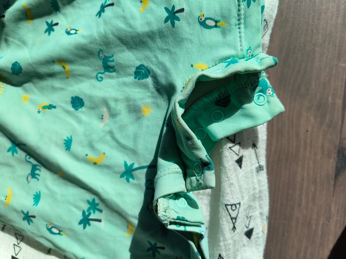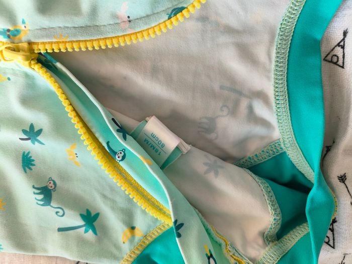 Taille normalement. Peut se porter dans les 2 sens (fermeture a l'avant ou a l'arrière). Pressions à l'entre jambe. Matière maillot. Manches et jambes courtes Porté un état mais en très bon état.
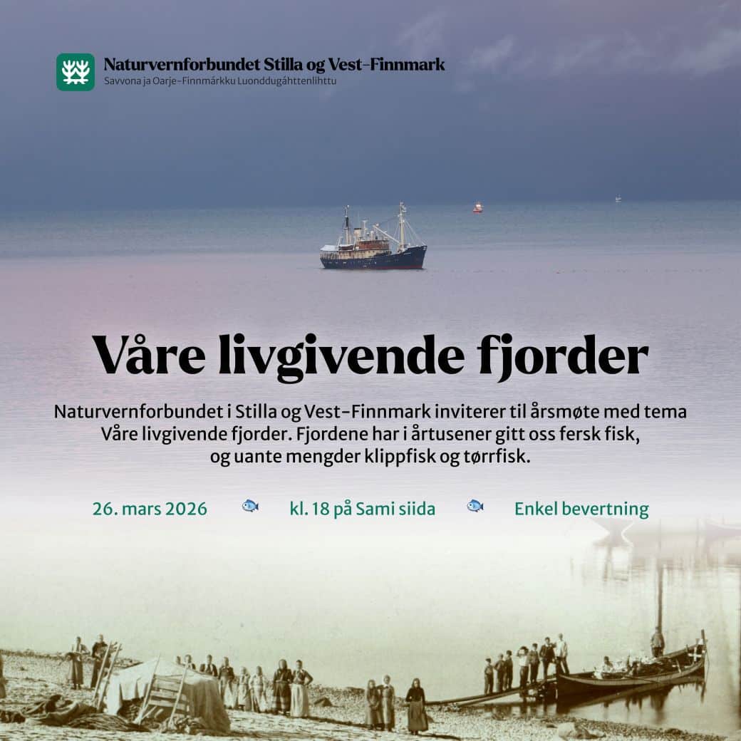 Torsdag 26. mars kl. 18 er det duket for årsmøte i Naturvernforbundet i Stilla og Vest-Finnmark på Sami Siida i Alta.
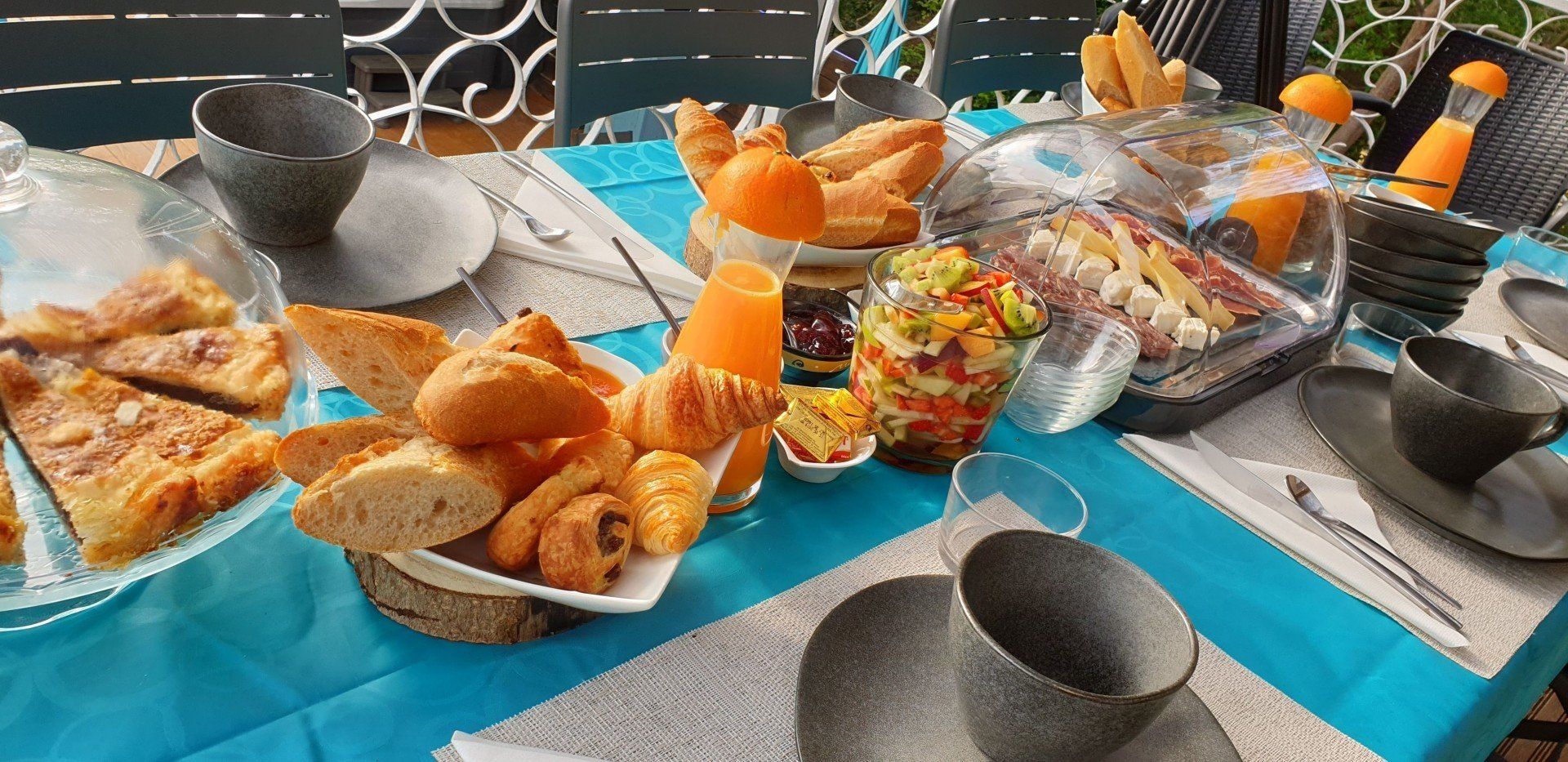 petit-déjeuner copieux, composé en grande partie de produits faits maison : gâteaux, viennoiseries, pain, confitures, jus d’orange pressé…
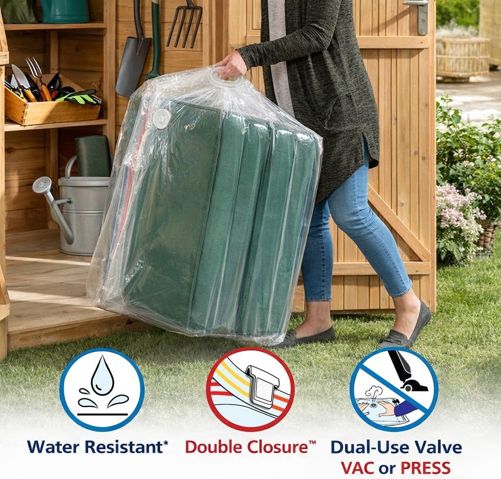 Tackle winter outdoor cushion storage with a simple, reliable solution built specifically for bulky patio pads. Shrink-Pak Outdoor Cushion Cube 2pk is designed for cushion storage and storage for outdoor cushions when the season changes and you need efficient storage for patio cushions. Each heavy-duty outdoor storage bag acts like a soft, xxl storage container for oversized seat pads, helping you shrink volume and reclaim space in your garage, shed, or closet. Perfect for outdoor furniture cushion storage, these cubes turn messy piles into tidy, stackable blocks so your storage for outdoor patio cushions finally feels under control. Each Outdoor Cushion Cube works like an outdoor cushion storage bag that’s made for repeated use. The reinforced, multi-layer, water-resistant material functions like durable furniture storage bags and outdoor furniture storage bags in one, helping protect against dirt, insects, and odors during long-term winter patio cushion storage. A dual-use valve lets you remove air with a vacuum or by pressing down manually, so you get strong compression without special equipment. The Improved Double Closure with easy-grip tab creates a secure, airtight seal, supporting waterproof cushion storage bag performance when contents are clean and dry before sealing. These outdoor storage bags waterproof style cubes are ideal for outdoor patio cushion storage, outdoor pillow storage, and cushion storage bin outdoor setups where every inch counts. Use them as extra large patio cushion storage helpers when you’re clearing the deck, prepping above ground pool storage for winter, or organizing a mixed corner of pool storage bag items and seat cushion bag cushions. The cube format stacks more neatly than irregular outdoor cushions storage bags, making it easier to line up bins, a 4 ft storage bin, or a 4ft storage bin along a wall without wasted gaps. Because each cube behaves like an extra large cushion storage bag and extra large outdoor cushion storage bags for patio furniture, you can handle larger sets without juggling multiple small totes. Pair them with a cushion box for storage on patio waterproof or an outdoor storage box with wheels for added protection and mobility. Whether you are planning winter outdoor cushion storage, consolidating outdoor storage bags waterproof options, or simply need a reliable bolsa de almacenamiento for seasonal gear, Shrink-Pak Outdoor Cushion Cubes give you a compact, protective, and reusable way to store more in less space.
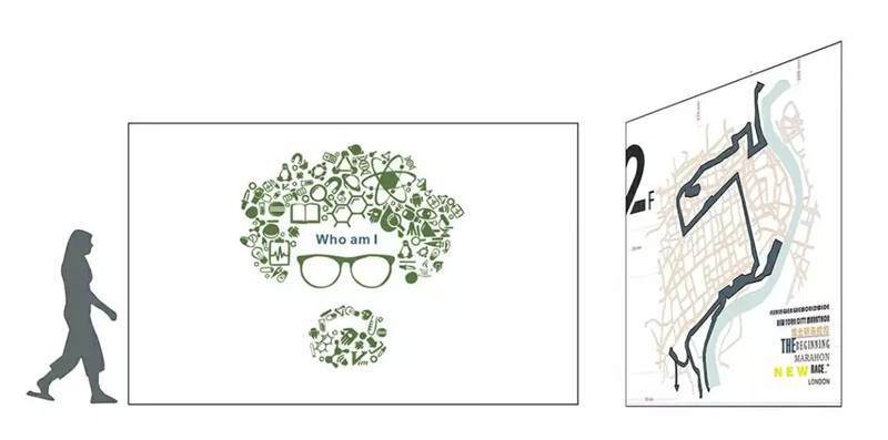 以上是本期課程第一個重點——環(huán)境圖形的內(nèi)容界定。它包括室內(nèi)的導視標識、一系列公司的文化展示,這兩塊內(nèi)容基本構成了室內(nèi)環(huán)境圖形設計的設計內(nèi)容。

* * * * *

__What to do__. Please hand back every entry above exactly, with no images in the copy.

__Response area__.
 Taille normalement. Peut se porter dans les 2 sens (fermeture a l'avant ou a l'arrière). Pressions à l'entre jambe. Matière maillot. Manches et jambes courtes Porté un état mais en très bon état.
 Torsdag 26. mars kl. 18 er det duket for årsmøte i Naturvernforbundet i Stilla og Vest-Finnmark på Sami Siida i Alta.
 petit-déjeuner copieux, composé en grande partie de produits faits maison : gâteaux, viennoiseries, pain, confitures, jus d’orange pressé…
 Tackle winter outdoor cushion storage with a simple, reliable solution built specifically for bulky patio pads. Shrink-Pak Outdoor Cushion Cube 2pk is designed for cushion storage and storage for outdoor cushions when the season changes and you need efficient storage for patio cushions. Each heavy-duty outdoor storage bag acts like a soft, xxl storage container for oversized seat pads, helping you shrink volume and reclaim space in your garage, shed, or closet. Perfect for outdoor furniture cushion storage, these cubes turn messy piles into tidy, stackable blocks so your storage for outdoor patio cushions finally feels under control. Each Outdoor Cushion Cube works like an outdoor cushion storage bag that’s made for repeated use. The reinforced, multi-layer, water-resistant material functions like durable furniture storage bags and outdoor furniture storage bags in one, helping protect against dirt, insects, and odors during long-term winter patio cushion storage. A dual-use valve lets you remove air with a vacuum or by pressing down manually, so you get strong compression without special equipment. The Improved Double Closure with easy-grip tab creates a secure, airtight seal, supporting waterproof cushion storage bag performance when contents are clean and dry before sealing. These outdoor storage bags waterproof style cubes are ideal for outdoor patio cushion storage, outdoor pillow storage, and cushion storage bin outdoor setups where every inch counts. Use them as extra large patio cushion storage helpers when you’re clearing the deck, prepping above ground pool storage for winter, or organizing a mixed corner of pool storage bag items and seat cushion bag cushions. The cube format stacks more neatly than irregular outdoor cushions storage bags, making it easier to line up bins, a 4 ft storage bin, or a 4ft storage bin along a wall without wasted gaps. Because each cube behaves like an extra large cushion storage bag and extra large outdoor cushion storage bags for patio furniture, you can handle larger sets without juggling multiple small totes. Pair them with a cushion box for storage on patio waterproof or an outdoor storage box with wheels for added protection and mobility. Whether you are planning winter outdoor cushion storage, consolidating outdoor storage bags waterproof options, or simply need a reliable bolsa de almacenamiento for seasonal gear, Shrink-Pak Outdoor Cushion Cubes give you a compact, protective, and reusable way to store more in less space.
 以上是本期課程第一個重點——環(huán)境圖形的內(nèi)容界定。它包括室內(nèi)的導視標識、一系列公司的文化展示,這兩塊內(nèi)容基本構成了室內(nèi)環(huán)境圖形設計的設計內(nèi)容。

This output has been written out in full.